Мы замедлили ход, и я прижался к берегу, ведя каноэ по листьям кувшинок — размером с тарелку, — чтобы еще больше затормозить. Сначала показалась ржавая выхлопная труба «шевроле», а потом — стапеля. У забора стояли трейлер и патрульная машина. Никого не было видно, но трейлер пустовал — значит, патрульные курсировали по реке. Я ничего не сказал Эбби, но задумался о том, где бы переночевать.
Мы миновали пристань Уокера, Макензи, Колрейн, Оранж-Блаф, пристань Моллетса и Блошиный Холм. Проблема крылась не в нашей скорости — по меркам реки мы просто летели, а в количестве встреченных людей. Буквально на каждом шагу попадались дома на сваях. В этих краях все ждут, что ты помашешь в знак приветствия. Это как разъехаться со встречной машиной на проселке. С лодками на реке то же самое. Помаши — и останешься незамеченным. В противном случае привлечешь к себе внимание. Я махал, не привлекая к себе внимания, но рано или поздно кто-нибудь вспомнит услышанное по телевизору. Если нам удастся сесть на хвост отливу и у меня хватит сил, мы достигнем Сент-Мэриса через тридцать шесть или сорок восемь часов. Если упустим отлив — то одному Богу ведомо.
* * *
Как и Трейдерс-Хилл, Кингс-Ферри — излюбленное место лодочников, туристов и просто любителей свежего воздуха. В самом широком месте река здесь достигает ста тридцати метров. Здесь есть огромная плавучая пристань — поскольку разница между высоким и низким приливом может достигать полутора метров, — магазин и несколько домов. Мне не хотелось проплывать мимо при дневном свете. Мы дождались темноты и проскользнули у дальнего берега, когда над верхушками деревьев показалась луна. Это и хорошо, и плохо. Хорошо — потому что нас никто не видел. Плохо — потому что мы не смогли пополнить запас пищи и воды.

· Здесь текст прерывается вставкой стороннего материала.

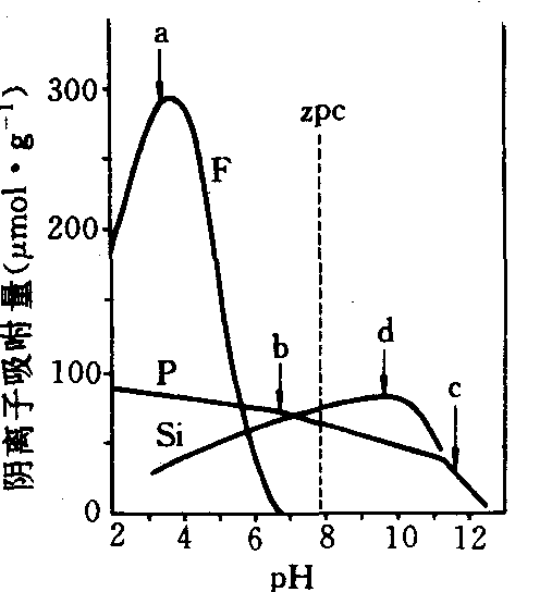 代表铁(铝)氧化物表面,Ln-为溶液中n价的含氧阴离子。(1)式所示,当体系pH+2)。这样既能吸引带负电荷的含氧阴离子(Ln-),又使羟基成为易被置换的—OH+2基〔(2)式〕。从而完成配位体交换的两步反应。如体系pH≥ZPC时,氧化物表面即呈中性或负电性,会使阴离子不易靠近表面或受到排斥。此时只能依靠阴离子共轭酸的解离而提供的质子,中和表面的负电性或使之带正电荷,完成(1)式所示的第一步反应,并连串地发生(2)式的交换反应。因此,可以认为配位体交换反应是以质子为媒介的。 许多实验结果证明配位体交换反应的存在。主要证据有: ❶氧化物对含氧阴离子的最大吸附量受体系的pH的影响,而这种影响并不是由改变表面电荷符号而实现的; ❷针铁矿和三水铝石表面吸附磷酸根或其他含氧阴离子后,表面A型羟基或水合基的红外吸收光谱的吸收比明显减弱,表明它们已被置换; ❸在同样pH和离子强度下,吸附的不可逆性。此外还以计量化学的方法证明了配位体交换反应的存在。例如下文中所示反应式(5),系根据实验中针铁矿的A型羟基的含量,磷酸根吸附量和平衡液的pH等有关数据而列出的理论反应式,可以看到在(5)式所示的配位体交换反应中,释出的羟基(—OH)量的理论值为1摩,而在实测中可滴定碱则为0.8摩,实验值达理论值的80%,表明(5)式所示配位体交换的存在。 特点 参与配位体交换的含氧阴离子本身就是一个带负电荷的配合离子。例如硫酸根、磷酸根、砷酸根、亚硒酸根等,是分别以S、P、As和Se为中心离子,以氧为配位体的配合离子。它们与氧化铁(铝)等表面上的羟基或水合基发生配位体交换后,并不成为氧化物的配位离子,而是与氧化物表面上一个(或两个)中心离子共享一个(或二个)配位体氧,成为复杂的配位化合物。如以针铁矿吸附磷酸根(以NaCl为支持电解质)为例,即如下页(3)至(5)式所示。(3)式至(5)式表明,在低pH时,吸附过程中和氧化铁表面正电荷,在pH≥ZPC时,对磷酸根的吸附增加针铁矿表面的负电荷。 氟离子则不同于多价含氧酸根,它与氧一样可以成为氧化物中心离子的配位体。但F-离子又与氧不同,仅带一个负电荷,因此F-与—OH基或—OH2基发生配位体交换之后,F-离子代替了氧而成为氧化物表面配位壳的组成,起配位体作用。F-离子不能像(5)式中的磷酸根那样可以置换表面上相邻的两个羟基,而形成双核桥接配合物,只能是配位离子。所以氧化铁(铝)对F-的专性吸附是土壤中典型的配位体交 换反应。 交换与pKa的关系 配位体的碱性表示配位体结合质子的能力,也即配位体的亲核能力。它决定中心离子Fe3+、Al3+等对配位体如含氧阴离子和氟离子的束缚强度。其中含氧阴离子的共轭酸的解离常数pKa值,即示该阴离子中氧对质子的亲核能力,也反映其亲核强度。 在一系列pH范围内,铁铝氧化物对含氧阴离子或氟离子的吸附等温线提供的最大吸附量对相应的 图1 最大吸附量—pH曲线 试样为针铁矿,支持电解质为0.1mol/l NaCl。F、P、Si分别表示氟化物、磷酸盐、硅酸盐。a、b、c、d为曲线上的拐点,依此与氟氢酸pKa、磷酸的pK2、pK3以及硅酸的pK相近或一致 pH作图(图1),则这些曲线上的拐点(包括最高点)所对应的pH值与各相应的共轭酸的解离常数(pKa)值十分接近,清楚地表明体系pH影响吸附的全过程。但pH的重要影响不在改变表面电荷符号和数量,而是影响阴离子共轭酸的解离。图2指出针铁矿和三水铝石对几种含氧阴离子和氟离子的最大吸附量—pH曲线上的拐点pH与相应酸的解离常数的关系。可以 图2 pKa与拐点pH之间的关系 ●针铁矿 ○三水铝石 1,7.正磷酸盐(pK3、pK2);2.砷酸盐(pK3);3.硅酸盐(pK1);4,8.焦磷酸盐(pK4、pK3);5,9.三聚磷酸盐(pK5、pK4);6.亚硒酸盐(pK2);10.钼酸盐(pK2);11,12. 氟化物(pKa) 看到各个点均分布在对角线上或两侧,进一步揭示了图1所示的拐点pH与相应酸的pKa值相一致或接近的现象,证明了多价含氧阴离子能否参与配位交换反应,则取决于它们的亲核强度。 酸碱原理可以很好地解释上述现象及其理论意义。当铁(铝)氧化物与一元酸HF或一元弱酸硅酸相平衡时,溶液的pH3+和Al3+对阴离子的竞争之故(图1)。当平衡溶液pH与pKa接近时,既抑制了H+与Al3+和Fe3+之间对阴离子的竞争,又增加了酸的解离度,大大地提高了溶液中阴离子的浓度,致使铁(铝)氧化物对阴离子吸附量增至最高值。当pH>pKa时,酸的解离度虽接近于1,但阴离子浓度却改变不大,而此时OH-离子浓度提高,H+离子浓度降低,则OH-离子与含氧阴离子对中心离子的竞争就甚为明显,铁(铝)氧化物对阴离子的吸附量也随之下降。图1中的磷酸根的曲线,可以看出磷酸根的最大吸附量—pH曲线上没有出现峰,这与它的pK1为2.1而实验时最低pH为2.0这一事实有关。故只出现峰的右侧。但曲线仍然反映出其斜率的变化,拐点出现在磷酸的pK2和pK3附近。这是因为当体系pH接近这些酸的pKa值的情况下,溶液中磷酸根形态变化是迅速的,在溶液未达磷酸的pK3时的任何pH情况下,磷酸根都是以带质子的形态存在,从而有利于吸附。在图1所示整个实验pH范围内(pH2~12),随着pH的降低,溶液中带质子的阴离子或酸则越来越成为溶液中主要形态。这样就可以解释图1中针铁矿对磷酸根的最高吸附量,何以会出现随pH的下降而增高的现象。图1曲线还表明和该实验条件下体系pH变化的影响所在不是表面电荷的符号和数量,而是磷酸的解离及其形态的转变。 配位体

Усложняло ситуацию и то, что я быстро выдыхался. Я ел нерегулярно и в то же время сжигал, наверное, до восьми тысяч калорий в сутки. Мой организм уже давно начал питаться собственными жировыми отложениями. Я не только ослабел, но и набил огромные волдыри на ладонях. В трещины на коже попадали пот и вода. Причем вода соленая. Каждый раз, когда я погружал весло, а затем переносил его на другой борт, она скатывалась по рукоятке мне в ладони.
Но соленая вода — это не так плохо. В ней водятся крабы. В здешних местах на крабов ставят ловушки. Красть из чужой ловушки — смертный грех, за такое могут убить. Я заметил несколько белых поплавков ближе к середине реки, вытащил ловушки на поверхность и вытряс добычу. Пять ловушек — двадцать восемь крабов.
Эбби приоткрыла один глаз и поинтересовалась:
— Это противозаконно?
— Да.
— Если эта тварь схватит меня за ногу, я выскочу из лодки.
Я снял рубашку, сложил в нее крабов и сунул узел под сиденье. Там им предстояло лежать до пристани в «Белых дубах».
Луна синеватым сиянием освещала воду, деревья отбрасывали на нее длинные тени. Свет привлекал водяных жучков, а те, в свою очередь, рыбу. Мы плыли сквозь лихорадочно жующие косяки. Это был один из тех моментов, которые в другой ситуации показались бы прекрасными. Эбби села, облокотилась о борт каноэ и опустила пальцы в воду. На берегу кричали древесные лягушки, им вторил одинокий аллигатор. Где-то в отдалении слышался собачий лай.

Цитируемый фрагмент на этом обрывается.